- Who is the data set about? Who were sampled in this data set? Who were over sampled or under sampled? Are they representative of the main characters in Assignment 1? Is there any identifiable information or is there any risk of disclose identifiable information? This is fundamentally about the sampling issue, and anonymity.
- Here we use the datasets for collecting reviews from hotel guests which help us understand and add better features in our application
- What events, activities, behaviors, and observations etc. are recorded by the data set? Does the data set record the targeted events, activities, behaviors, etc. in Assignment 1? This is fundamentally about the variables.
- Here we extract the reviews from the CSV files of the 2 references and do a sentiment analysis on it using vader sentiment analysis tool
for reviews and focus on the negative reviews to find out the missing or new feature and help the hotel guests are looking for.
- When did the event, activity, behavior, and observation, etc. take place? When were the data collected? Is it longitudinal or cross-sectional? Are they real time data? How old or fresh are the data?

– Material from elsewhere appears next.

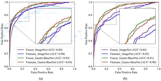 Comparison of ROC curves for normal and gastric cancer classification models using Gastro-BaseNet: (a) comparison of model performance by training method based on ResNet50 architecture; (b) comparison of model performance by training method based on EfficientNetB0 architecture.

To what extent generalization can be made across time to inform Assignment 1? This is fundamentally about the temporal structure of the data set, and the external validity of the data set across time.
- We use the following 2 datasets which are CSV files Here we get the data about 1000 hotels and their reviews including hotel location, name, rating, review data, title, username and more.

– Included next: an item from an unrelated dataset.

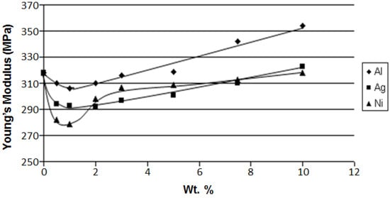 Let us take a closer look at several different polymer + metal composites. Microparticles of Al, Ag, and Ni have been used in turn as fillers in LDPE and also in Hytrel® (DuPont, Wilmington, DE, USA), which is a polyester used as a thermoplastic elastomer []. Dynamic and static friction of the composites were determined with stainless steel and Teflon® (Chemours, Wilmington, DE, USA) (tetrafluoroethylene) as sliding counterpart surfaces; tensile properties were determined as well []. Similarly, nanocomposites of LDPE with either Al or Ag nanoparticles were created, and wear was determined for those with a pin-on-disk tribometer, with carbon nitride pin balls []. Wear and dynamic friction determination using a pin-on-disk tribometer is discussed elsewhere by some of us [].

- Where did the event, activity, behavior, and observation, etc. take place? Where were the data collected if the information is available? What does the geographical coverage of the data set look like? Does the data set contain geographical information (GIS)? Is this a local, regional, national, or global data set? To what extent generalization can be made across settings to inform Assignment 1? This is fundamentally about geographic variables in the data set, and the external validity of the data set across settings.

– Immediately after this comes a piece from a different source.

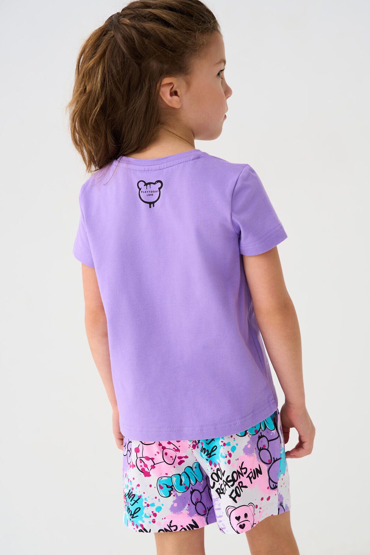 Комплект трикотажный для девочек: фуфайка (футболка), шорты PLAYTODAY, разноцветный

- We plan on collecting the review statistics to know the guests’ response and their
experience according to the hotel, location and facilities offered.
- Why did the event, activity, behavior, or observation etc. take place? Why were the data collected?
- .We collected data from two various data sets, Kaggle and datafiniti Hotel reviews and Sentiment analysis with hotel reviews from Kaggle
- How: If you would like, you can add a dimension of how. How did it happen? Sometimes, the answer to how can be covered by what, when and where.